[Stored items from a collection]
________________________________________

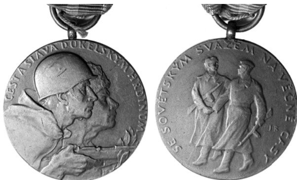
Ил. 27. Чехословацкая Дукельская памятная медаль. 1959 г. КМТ.

Нередко на фотографиях советских офицеров можно встретить Чехословацкий Военный крест 1939–1945 гг., учрежденный еще в 1940 г. правительством в изгнании, разместившемся в Лондоне; после освобождения Чехословакии постановление об учреждении креста было утверждено в 1946 г. Но более «специальной» и массовой является еще одна награда – Дукельская памятная медаль, которая была учреждена 26 июня 1959 г. в ознаменование 15-летия боев на Дукле (ил. 27). Медалью награждались военнослужащие 1-го чехословацкого армейского корпуса, участвовавшие в период 8 сентября – 28 октября 1944 г. в боях на Дукле. Кроме чехословацких граждан, этой медалью было награждено более 10 тыс. советских воинов.
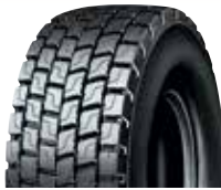
PLDE2 / RCL DE2+
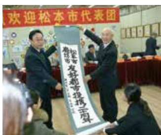
友好提携20周年 第二中学校訪問 (2015)
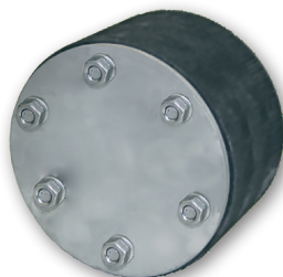
LMS D Blind
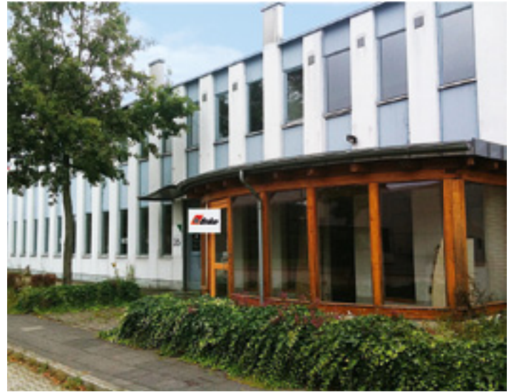
Beste Aussichten: Hier in Langenfeld ist bald jeden Tag „Enke Messe“.

Neben dem Fahrzeugzelt wurde auch ein VIP Zelt mit unseren Platten ausgestattet. Insgesamt wurden ca. 800 m 2 Fläche in nur vier Stunden gelegt – und nach Ende der Veranstaltung ruck, zuck wieder demontiert. 540 m 2 dieses Bodens lagen zeitlich auch schon wieder auf der Essen Motor Show 2010 im Fahrerlager der Event-Halle 7. Dass Enkefloor auch einen mehrmaligen Auf- und Abbau problemlos übersteht, spricht für das hohe Qualitätslevel dieses Produkts.
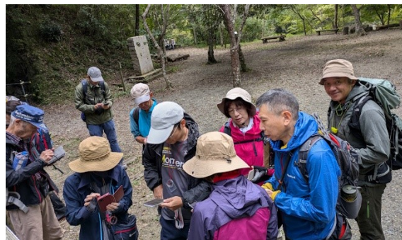
桜の園入り口でアプリで次の地点にマーカーを合わせる
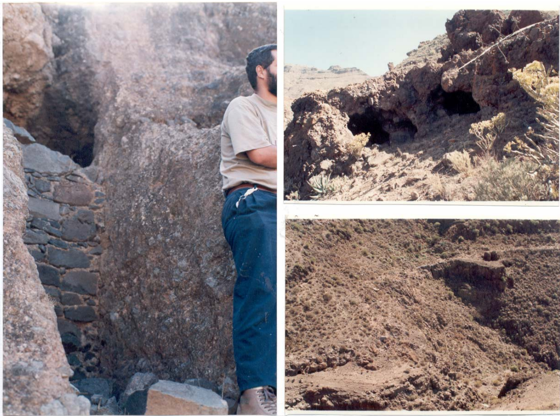
Diferentes vistas de La Ladera MUGARÉN, Fuente MUGARÉN, Cuevas MUGARÉN. TAIDÍA. S.B. TIRAJANA.
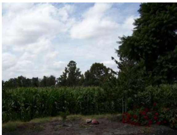
Foto 3.14. Cultivo de maíz.

Fuente: Elaboración propia, septiembre 2010.
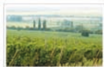
Max III (Certificación Orgánica)
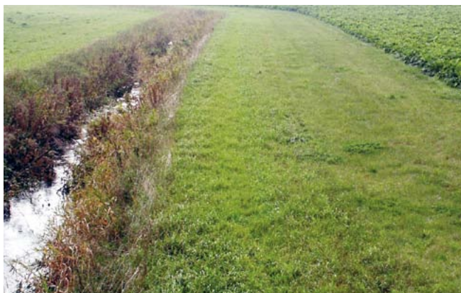
Niidetud puhverriba pole kohustuslik, vaid üks võimalusi.

Väetiseks loetakse ka kõik orgaanilised väetised, sh sõnnik. Maaparandussüsteemi eesvool on liigvee ärajuhtimiseks või vee juurdevooluks rajatud veejuhe või loodusliku veekogu reguleeritud lõik, millest sõltub reguleeriva võrgu nõuetekohane toimimine (Maaparandusseaduse § 3 lõige 7). Tavaline veepiir on Maa-ameti põhikaardil märgitud veekogu piir.
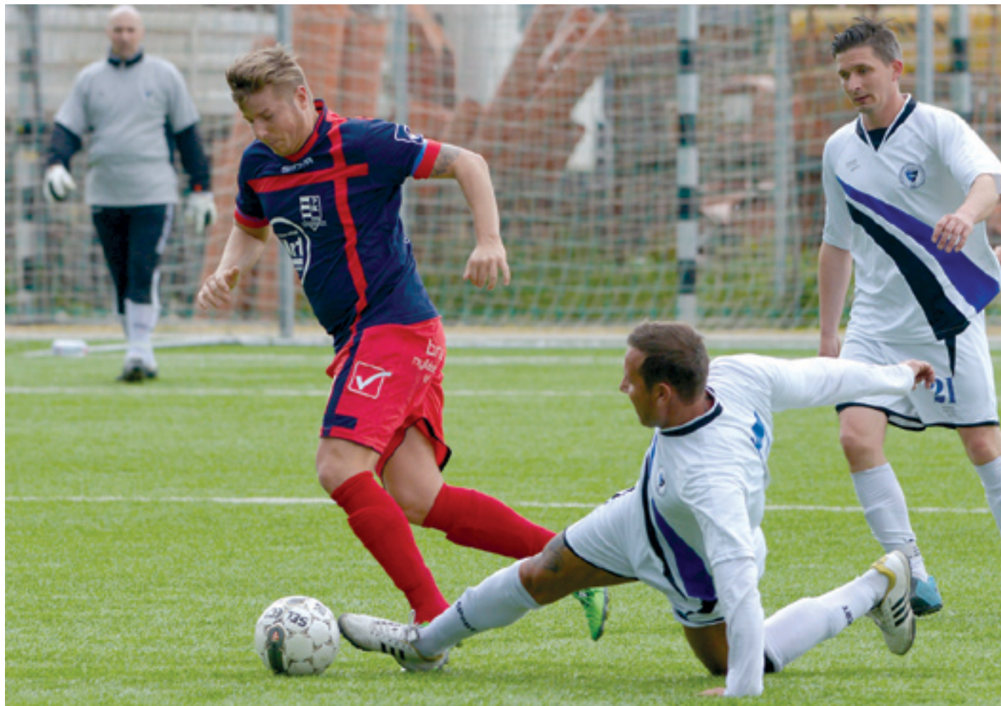
Mindkét kerületi csapat eredményesen kezdte a bajnokságot augusztusban

➤ Az elmúlt hét végén már a harmadik fordulót rendezték meg a BLSZ-bajnokság II. osztályában, amelyben két kerületi csapatunk is érdekelt. Az 1908 SZAC KSE és a PSK célja az, hogy kiegyensúlyozottabban szerepeljen, mint tavaly. Mindkét szakvezető véleményére kíváncsiak voltunk – vajon milyen reményekkel vágnak neki az őszenek?

________________________________________

#### [What you have to do]
When you reach the line containing "Нередко на фотографиях" in the entries above, begin restating word for word, and stop once the line containing "Mindkét kerületi csapat" has been given. Omit the pictures.

#### [Answer below]
Нередко на фотографиях советских офицеров можно встретить Чехословацкий Военный крест 1939–1945 гг., учрежденный еще в 1940 г. правительством в изгнании, разместившемся в Лондоне; после освобождения Чехословакии постановление об учреждении креста было утверждено в 1946 г. Но более «специальной» и массовой является еще одна награда – Дукельская памятная медаль, которая была учреждена 26 июня 1959 г. в ознаменование 15-летия боев на Дукле (ил. 27). Медалью награждались военнослужащие 1-го чехословацкого армейского корпуса, участвовавшие в период 8 сентября – 28 октября 1944 г. в боях на Дукле. Кроме чехословацких граждан, этой медалью было награждено более 10 тыс. советских воинов.
PLDE2 / RCL DE2+
友好提携20周年 第二中学校訪問 (2015)
LMS D Blind
Beste Aussichten: Hier in Langenfeld ist bald jeden Tag „Enke Messe“.

Neben dem Fahrzeugzelt wurde auch ein VIP Zelt mit unseren Platten ausgestattet. Insgesamt wurden ca. 800 m 2 Fläche in nur vier Stunden gelegt – und nach Ende der Veranstaltung ruck, zuck wieder demontiert. 540 m 2 dieses Bodens lagen zeitlich auch schon wieder auf der Essen Motor Show 2010 im Fahrerlager der Event-Halle 7. Dass Enkefloor auch einen mehrmaligen Auf- und Abbau problemlos übersteht, spricht für das hohe Qualitätslevel dieses Produkts.
桜の園入り口でアプリで次の地点にマーカーを合わせる
Diferentes vistas de La Ladera MUGARÉN, Fuente MUGARÉN, Cuevas MUGARÉN. TAIDÍA. S.B. TIRAJANA.
Foto 3.14. Cultivo de maíz.

Fuente: Elaboración propia, septiembre 2010.
Max III (Certificación Orgánica)
Niidetud puhverriba pole kohustuslik, vaid üks võimalusi.

Väetiseks loetakse ka kõik orgaanilised väetised, sh sõnnik. Maaparandussüsteemi eesvool on liigvee ärajuhtimiseks või vee juurdevooluks rajatud veejuhe või loodusliku veekogu reguleeritud lõik, millest sõltub reguleeriva võrgu nõuetekohane toimimine (Maaparandusseaduse § 3 lõige 7). Tavaline veepiir on Maa-ameti põhikaardil märgitud veekogu piir.
Mindkét kerületi csapat eredményesen kezdte a bajnokságot augusztusban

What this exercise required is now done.